The following methods are intended to provide an understanding of model prediction and behavior as part of an evaluation dossier. They do not cover how the methods can be used to debug or improve a model. Therefore, interpretability and explainability are ideals to be achieved, rather than assets.

Definitions

Artificial intelligence raises numerous questions because of its opaque decision-making process. Both interpretability and explainability aim to help understand algorithms and answer user-based questions regarding AI’s input, output, and performance (such as why, how, what if, and why not).26

Existing definitions for explainability and interpretability have been previously and widely discussed in the literature, and it seems that there is no clear taxonomy of concepts.17,26, 27, 28 Even though some authors consider the 2 concepts to be similar, some HTA agencies distinguish between them during the evaluation process (Table 1). Following are the definitions proposed by Markus et al17 in 2021:

  • 1.

    “An AI system is explainable if the task model is intrinsically interpretable or if the non-interpretable task model is complemented with an interpretable and faithful explanation.”

  • 2.

    “An explanation is interpretable if the explanation is unambiguous, i.e., it provides a single rationale that is similar for similar instances, and if the explanation is not too complex, i.e., it is presented in a compact form.”

If a task model is interpretable, it is hence very likely to be explainable.

Tools for Measurement

Interpretability is difficult to define mathematically. Although there are many different machine learning (ML) algorithms, not all of them are explainable straightforwardly. However, 3 levels of interpretability (high, medium, and low ) have been identified. We extended the figure proposed by Dam et al29 (2018) by including existing tools that can increase the interpretability of the most well-known models while taking into account that black-box algorithms do not necessarily lead to higher performance (Figure 1).30 Figure 1 was not generated from any real data, and the y-axis has no quantification.

FIGURE 1.

FIGURE 1

Tools to increase the interpretability and explainability of some well-known models.

Interpretable by Design

Some models are interpretable by design under specific constraints, such as monotonicity, causality, and additivity (Table 2).31 They indeed already include internal functioning ready for interpretation, that is, they are intrinsically interpretable.

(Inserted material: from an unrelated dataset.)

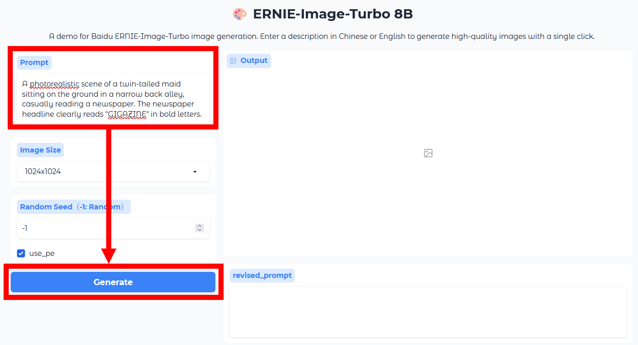 A demo app is available that makes it easy to try out ERNIE-Image-Turbo, so I actually generated an image using it. First, click the link below to access the demo app.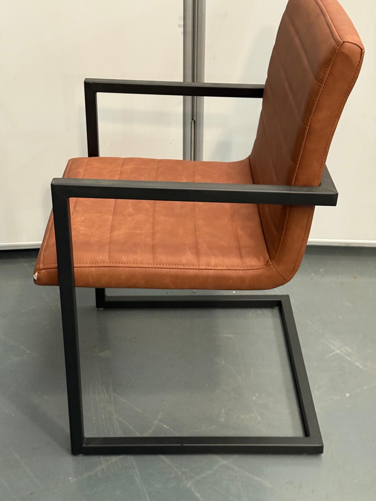 A modern industrial lounge-style chair featuring a durable black steel frame and cushioned tan PU leather upholstery. Designed for comfort, style, and long-lasting performance in both professional and home settings.

Table 2 also provides relevant examples of application in the healthcare sector. Regression models are tangible equations with interpretable coefficients that can be read as linear coefficients with linear models, odds ratios for logistic regressions, and hazard ratios in Cox models to handle time-to-event data.32 Decision trees include interpretable rules and are greatly adapted to human thinking.33,34 Such methods should be the accepted baseline owing to their simple and fast processing and are highly preferable to any extremely complex model.30

TABLE 2.

Models with a High Interpretability Level

Algorithm Linear explanation Monotone relationship Task Interpretable coefficient Examples in healthcare (specialty, pathology, intended use of algorithm)
Linear regression Yes Yes Linear Linear coefficient
  • Endocrinology, diabetes, prediction of severity (Butt et al, 2021)84

  • Genetics, prediction of gene expression (Zeng et al, 2017)85

Logistic regression No Yes Classification Odds ratio
  • Gastroenterology, fatty liver, prediction of disease in the general population (Bedogni et al, 2006)86

  • Radiology, breast cancer, computer-aided diagnostic system (Nemat et al, 2018)87

Cox regression model Yes Yes Time to event Hazard ratios
  • Cardiology, heart failure, prediction of mortality (Cheng et al, 2017)88

  • Oncology, gastric cancer, prognosis prediction (Wei et al, 2021)89

Decision trees No Yes All Nodes
  • Psychiatry, mental disorders, risk prediction (Van Hoffen et al, 2020)90

  • Cardiology, malignant ventricular arrhythmia, diagnosis prediction (Mandala et al, 2020)91

Post Hoc Explanations

Ensemble methods (such as random forests or boosting), support-vector machines, or deep neural networks are uninterpretable algorithms. Post hoc explanations can either be global or local. Global explanations relate to the algorithm’s overall behavior, typically considering the overall importance of the covariates or features, and provide insight into how the algorithm makes predictions on a general basis. Conversely, local explanations refer to explanations at the scale of specific data points, detailing the reasons why the model chose these particular outcomes. Many toolkits and classifications are available in the literature to better describe how such post hoc explanations work.35, 36, 37, 38

In this section, we decided to list only the most well-known approaches of post hoc explanation. Because there is a growing need for interpretability to manage the exponential growth of the number of parameters in models, many approaches have been developed recently, and several typologies exist to classify them.39, 40, 41 Model-specific methods will not be discussed here because they depend highly on the model used for the prediction (such as gradient-based saliency maps, which are typically used for neural networks and imagery and providing each pixel’s importance). The main advantage of model-agnostic methods is that they can be applied in a post hoc manner to any kind of ML model.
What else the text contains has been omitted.